Nov. 02, 2017 8:42 AM ETKellogg Company (K)1 Comment
Jillian Falduto profile picture
Jillian Falduto


  • The market for processed and packaged goods is evolving.
  • Kellogg's third quarter net sales increased after ten quarters of negative growth.
  • Kellogg will acquire RXBAR for $600 million by end of 2017 and release a new breakfast cereal.

By Jillian Falduto of Ursinus Finance Scholars.

It’s been a quarter of change for the longtime consumer goods staple Kellogg (NYSE:K). Kellogg’s stock closed at 58.87- down 17.95% on a YTD basis- the evening before the third quarter earnings release. In the same time frame, the S&P 500 was up 13.95%. But on Halloween morning, quite appropriately, the sugary cereal company’s third quarter financial results signified signs of a turnaround. In the first two quarters of 2017, Kellogg’s net sales were down 4.15% and 2.48%, respectively.
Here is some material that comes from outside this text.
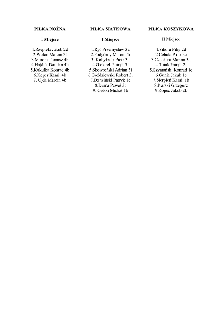 PIŁKA NOŻNA PIŁKA SIATKOWA PIŁKA KOSZYKOWA I Miejsce I Miejsce II Miejsce 1.Rzepiela Jakub 2d 2.Wolan Marcin 2t 3.Marcin Tomasz 4b 4.Hajduk Damian 4b 5.Kukułka Konrad 4b 6.Koper Kamil 4b 7. Ujda Marcin 4b 1.Ryś Przemysław 3u 2.Podgórny Marcin 4i 3. Kobyłecki Piotr 3d 4.Gielarek Patryk 3i 5.Skowroński Adrian 3i 6.Goździewski Robert 3i 7.Dziwiński Patryk 1c 8.Duma Paweł 3t 9. Ordon Michał 1b 1.Sikora Filip 2d 2.Cebula Piotr 2c 3.Czachara Marcin 3d 4.Tutak Patryk 2t 5.Szymański Konrad 1c 6.Gunia Jakub 1c 7.Sierpień Kamil 1b 8.Piarski Grzegorz 9.Kopeć Jakub 2b
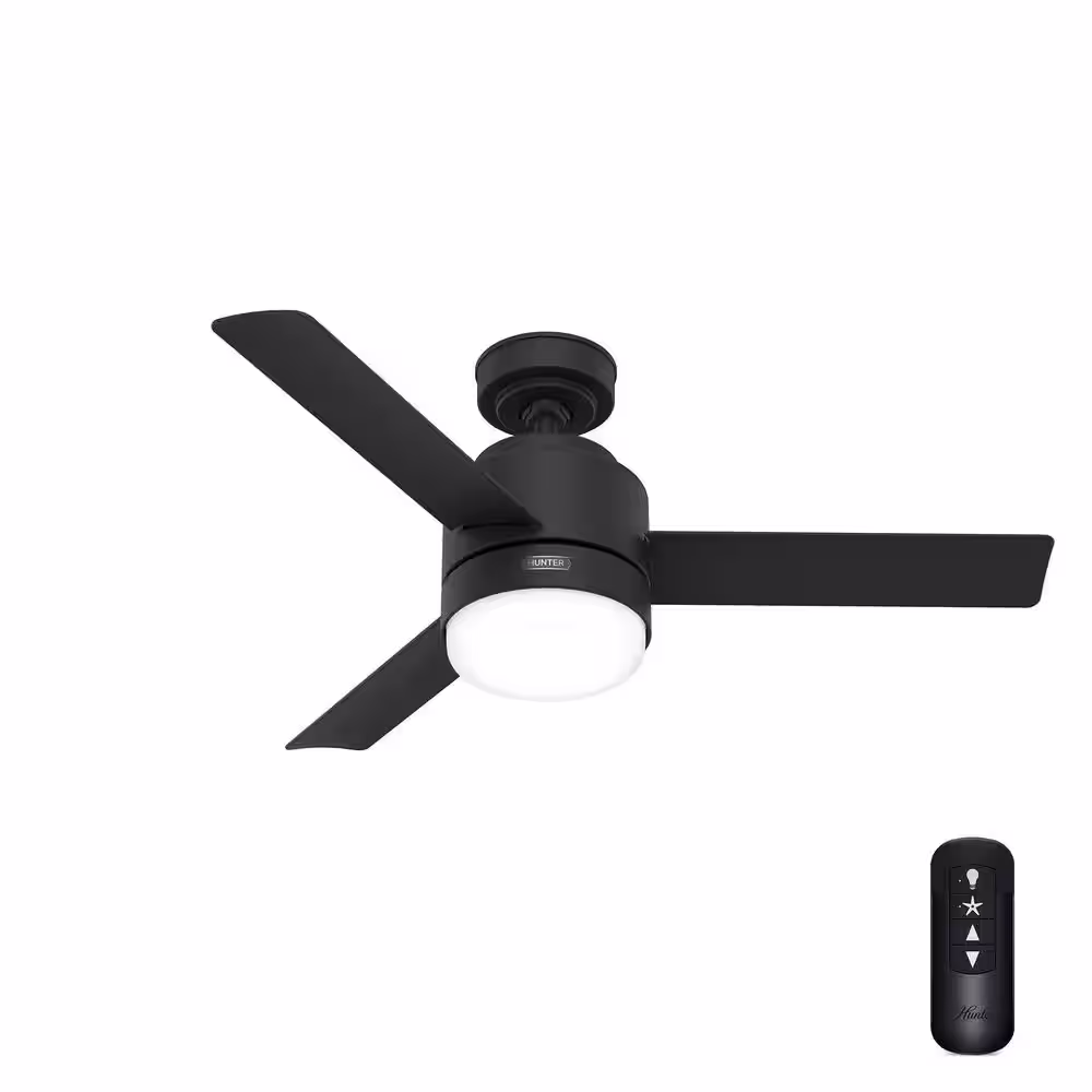 Hunter Gilmour 44 in. Indoor/Outdoor Matte Black Ceiling Fan with Light Kit and Remote Included

However, with new CEO Steve Cahillane, in the third quarter of 2017, K reported a net sales increase of 0.6%, which marks the first quarter of positive growth in two and half years.

Over the past two years, Kellogg has been cutting costs in attempts to combat hits to revenue, and thus, the company has consistently improved EBITDA and net income margins. In the third quarter of 2017, Kellogg Company discontinued shipping through its direct store distribution system, reduced its workforce, and cut expenses even further. This time around, expense management was complemented by a net sales increase, and Kellogg reported a 13.1% increase in operating margin and 3.7% growth in earnings per share.

Industry Changes

The demand for consumer and packaged goods isn’t what it used to be, and subsequently, Kellogg products haven’t quite met the interests of health-conscious consumers and a developing retail market.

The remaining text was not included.